Originally published in the April 18 edition of Iowa Farmer Today.

by Roger Johnson

Do you know the country where your shirt was made? Probably not off the top of your head, but you could always look at the label to find out.

Now, how about the steaks you are about to grill for dinner? Luckily, you could also look at the label on that package of meat to find out. Many consumers don’t realize before 2009, when a mandatory Country-of-Origin Labeling (COOL) law went into effect, finding out where their package of meat was produced was not possible. You may also be unaware consumers’ right to continue to receive that information is currently under attack.

In 2002, Congress signed COOL into law after a fight that spanned many years. The National Farmers Union was a key proponent of the law for a number of reasons. Consumers fundamentally have a right to this information — which is found on toys, clothing, vehicles and nearly all other manufactured goods but previously not on food — and also because U.S. farmers and ranchers were proud of the quality products they produced and wanted consumers to know it.

However, our work wasn’t over when the law was passed in 2002. Congress blocked implementation of COOL twice, and the Bush administration, which opposed the law, was happy to comply. Finally, in the 2008 farm bill, Congress included a clear directive to implement the law, and the final regulation went into effect in March 2009.

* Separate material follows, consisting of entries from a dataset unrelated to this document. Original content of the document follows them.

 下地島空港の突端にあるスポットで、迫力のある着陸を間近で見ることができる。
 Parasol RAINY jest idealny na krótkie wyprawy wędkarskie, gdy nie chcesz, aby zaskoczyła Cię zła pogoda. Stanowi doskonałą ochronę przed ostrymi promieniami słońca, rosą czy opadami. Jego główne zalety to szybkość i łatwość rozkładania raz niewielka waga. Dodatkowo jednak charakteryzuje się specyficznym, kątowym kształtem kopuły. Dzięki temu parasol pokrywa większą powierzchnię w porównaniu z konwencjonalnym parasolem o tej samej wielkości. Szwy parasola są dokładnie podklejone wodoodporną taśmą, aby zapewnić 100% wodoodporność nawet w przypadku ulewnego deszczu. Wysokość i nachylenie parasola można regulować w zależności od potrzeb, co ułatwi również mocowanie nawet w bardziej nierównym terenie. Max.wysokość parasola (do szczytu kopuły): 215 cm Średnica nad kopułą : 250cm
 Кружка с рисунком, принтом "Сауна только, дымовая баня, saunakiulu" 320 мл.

As you might expect, the main opponents of COOL are meatpackers, processors and competitors from neighboring countries. These opponents know consumers want to eat meat that was produced here in the United States, and therefore they don’t want consumers to know U.S. meatpackers regularly buy cattle from Canada and Mexico and pass them off as U.S.-produced meat.

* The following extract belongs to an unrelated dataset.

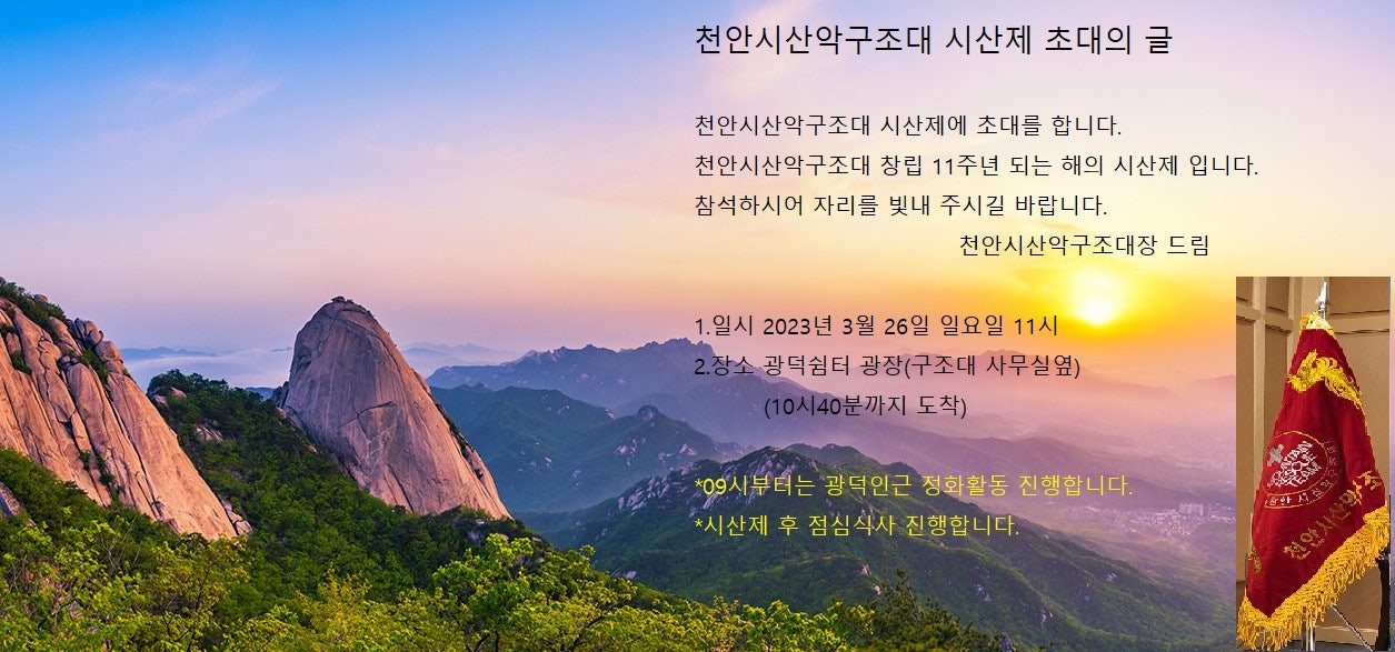 공지사항 제목시산제 재공지 및 숲사랑지도원증 신청강조2023-03-20 09:46작성자kskang시산제 재공지 및 숲사랑지도원증 신청강조이번주 일요일 천안시산악구조대의 제일 큰 행사인시산제가 진행됩니다.자문님,고문님, 운영위원님,대원님들께서는많은 참석을 바랍니다.아울러 슾사랑지도원증에 필요한 사진과 주민등록증(앞뒤카피본)을 꼭 지참하셔서 시산제때 신청해 주세요시산제 선물도 조그맣게 준비하였습니다.*주민등록증 카피가 어려우시면 사진 찍어서 저에게톡으로 보내주세요.제가 카 피해서 첨부하겠습니다.날이 좋아집니다. 봄 기운 완연한 좋은날에시산제가 이뤄지길 기원해 봅니다. 목록 댓글 [0] 더보기이전2023년 상반기 천안시산악구조대 명산등산 및 단합친목산행kskang2023-04-28다음천안시산악구조대 2월 월례회 공지 kskang2023-02-21 Powered by MangBoard
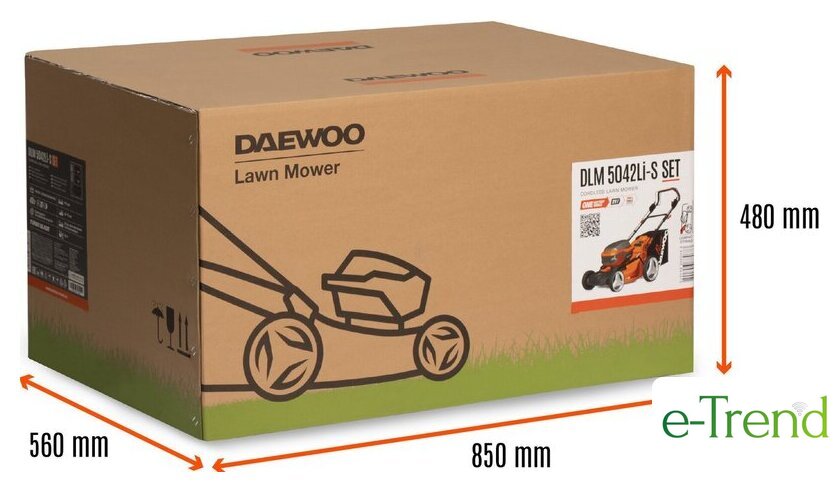 | Комплектация | - Газонокосилка - 1 шт., - Аккумулятор 5,0 Ач - 2 шт., - Зарядное устройство - 1 шт., - Нижняя часть рукоятки - 1 шт., - Верхняя рукоятка - 1 шт., - Травосборник - 1 шт., - Крепежные элементы - 1 комплект, - Руководство по эксплуатации, - Гарантийный талон, - Коробка |

To distract COOL supporters, a pro-meatpacker research firm estimated the costs to the livestock industry of complying with the COOL law would be astronomical — up to $5.6 billion — with the suggestion compliance costs would then be pushed down to the livestock producer and pushed up to the consumer.

In 2002, the USDA placed estimated compliance costs at $2 billion, but used flawed calculations based on all 2 million farms in the United States, not just the 1 million that produce livestock.

Ironically, there were even suggestions by COOL opponents — who have pushed out millions of livestock producers due to increased concentration in livestock markets and anti-competitive practices — family farmers would go out of business because of the burden imposed on them by COOL requirements.

Well, COOL has been the law of the land since 2009, and I have yet to hear of a single rancher or producer who has found it to be burdensome. And, meatpackers certainly haven’t suffered due to the law — they continue to post record profits.

Although COOL is already in place, the law is being threatened by our foreign competitors. In 2009, Canada and Mexico filed a dispute with the World Trade Organization (WTO) claiming COOL was a violation of our trade obligations.

Last year, the WTO Appellate Body found informing consumers about the origin of their food is a legitimate objective and is not itself a barrier to trade. However, although the law itself meets our trade obligations, the way in which it was implemented by the USDA does not.

The Appellate Body found the regulations were written in a way that allowed loopholes for meatpackers to label certain U.S. products as foreign-born, and vice versa. Fortunately, the Obama administration is standing up for U.S. ranchers and livestock producers by rewriting the regulations in a way that both complies with the Appellate Body’s requirements and provides more accurate origin information to consumers.

And, as expected, our the meatpacking industry is once again asking lawmakers to scrap the COOL law altogether and keep consumers in the dark about their food.

It’s clear COOL is a common-sense policy that does nothing more than help consumers make educated decisions at the grocery store. In fact, most other countries believe the same. Fifty-seven countries — including Canada and Mexico, the most vocal opponents of the law — require some form of country-of-origin labeling for food.

These 57 countries account for 94 percent of U.S. trading activity for food and animals. It’s also obvious today’s consumers are only demanding more information about their food, not less. One perfect example is the 25 or more states that are working on laws requiring labeling of foods containing genetically modified organisms.

COOL opponents will try and confuse you with exaggerated compliance costs and claims they speak for the farmer, but don’t be fooled.  Consumers and livestock producers are not going to back down on COOL without a fight, and it is critical our lawmakers do the same.